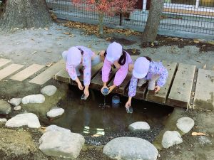 工事が始まると、子どもたちは興味津々。園庭のわずか一角の変化ですが、そこから広がる興味関心の輪は、私たちの想像以上でした。「水の中になにか隠れているよ!」と、図鑑を開いたり、じっと観察したりする姿が見られました。
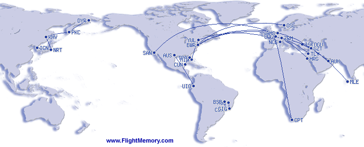 | フライトの平均距離及び時間: | 2,316 km, 3:10 h |
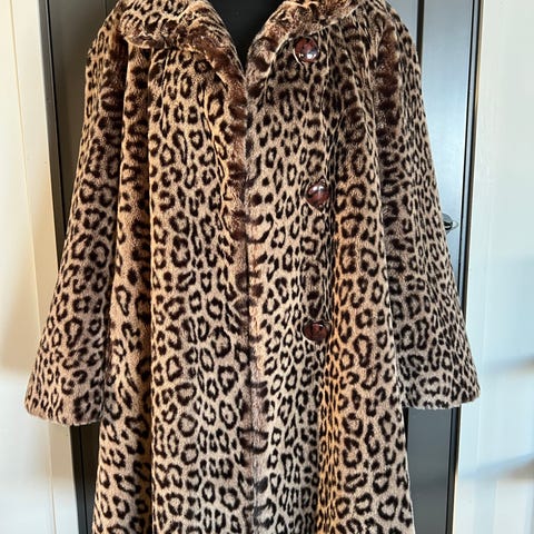 Baum und Pferdgarten kåpe i fuskepels for dame i størrelse M. Kåpen har flerfarget leopardmønster med kontrastfargede mansjetter. Materialet er fuskepels med glatt fôr på innsiden. Passer som yttertøy i overgangssesonger og mildere vinterdager.
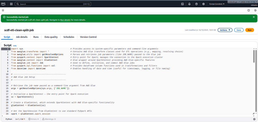 The Python script below implements a complete Extract–Transform–Load (ETL) pipeline using AWS Glue and PySpark. It reads raw sales data from Amazon S3 and cleans it. Then, it converts the data to a more efficient storage format. The data is split into training and testing subsets. Finally, it writes the results back to S3 while maintaining Glue’s job-tracking capabilities.
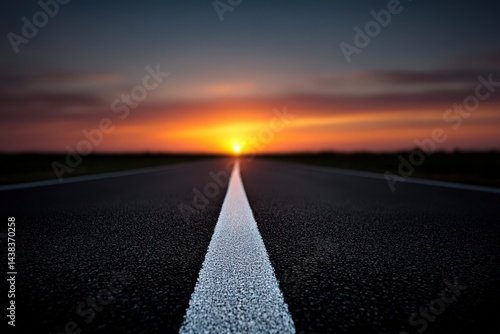 Sunset light hitting center road line in symmetrical dusk composition with long shadow reflections and bold colors depicting solitude in a tranquil scenic highway
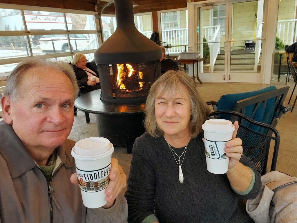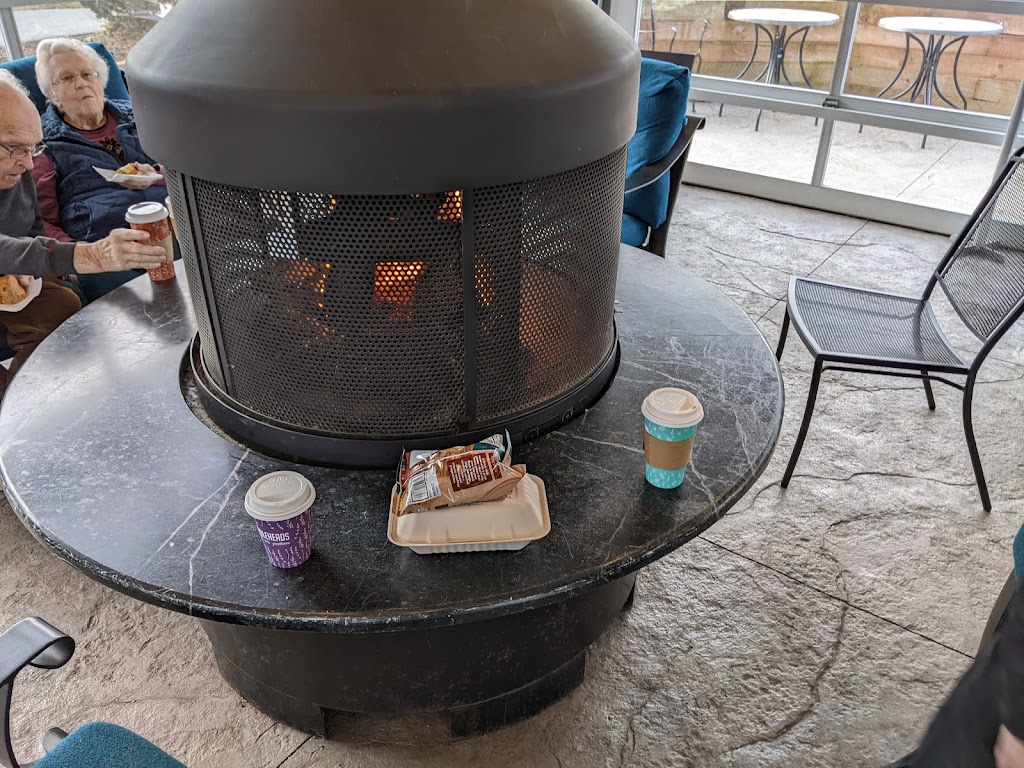 Sit outside in the gazebo, don't worry the gas fireplace keeps it plenty warm. Great coffee, and if your gluten free they have several bakery items for you. I like the gluten free coffee cake.

----

Begin at the first line of the listing and print each line exactly. Stop after the line containing "km, 3:10 h |", and omit all pictures.

 工事が始まると、子どもたちは興味津々。園庭のわずか一角の変化ですが、そこから広がる興味関心の輪は、私たちの想像以上でした。「水の中になにか隠れているよ!」と、図鑑を開いたり、じっと観察したりする姿が見られました。
 | フライトの平均距離及び時間: | 2,316 km, 3:10 h |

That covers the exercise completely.